核心概念
Randomized smoothing with Lipschitz constant and margin tradeoff enhances certified robustness.
摘要
Real-life applications of deep neural networks face challenges with noisy inputs and adversarial attacks.
Certified radius crucial for model robustness, randomized smoothing offers noise injection framework.
Variance from Monte-Carlo sampling interacts closely with Lipschitz constant and margin of classifier.

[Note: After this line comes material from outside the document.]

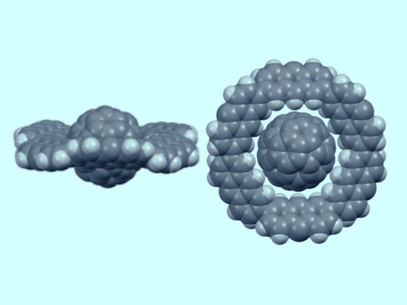 За счет электронных связей химики научились соединять сферы фуллеренов с макроциклами – различными крупными молекулами, содержащими в себе кольца из атомов, получая конструкции разной формы. Но ранее никто не объединял фуллерен с плоским кольцом. Это удалось сделать, собрав «планетные кольца» из антрацена, каждая молекула которого состоит из трех соединенных бензольных колец. Внутрь общего кольца, в сторону фуллерена, оказались обращены восемнадцать атомов водорода из состава антраценов. Слабого притяжения между пи-орбиталями электронов фуллерена и этими атомами хватило, чтобы стабилизировать «нано-Сатурн».

Novel approach leverages variance-margin trade-off to increase certified robust radius.
Experimental results show significant improvement in certified accuracy compared to current methods.
Certification procedure allows use of pre-trained models with randomized smoothing for zero-shot improvement.
Deep neural networks vulnerable to adversarial attacks, Lipschitz continuity crucial for robust classifiers.
Randomized smoothing convolves base classifier with Gaussian distribution for increased robustness.
Margins play critical role in classifier robustness, larger margins associated with better generalization capabilities.
Proposed Lipschitz-Variance-Margin Randomized Smoothing (LVM-RS) balances MC variance and decision margin.
統計資料
Monte-Carlo sampling introduces variance that affects reliability.
Bernstein’s concentration inequality used to control risk factor α.
Empirical Bernstein inequality integrates empirical variance to manage risk α.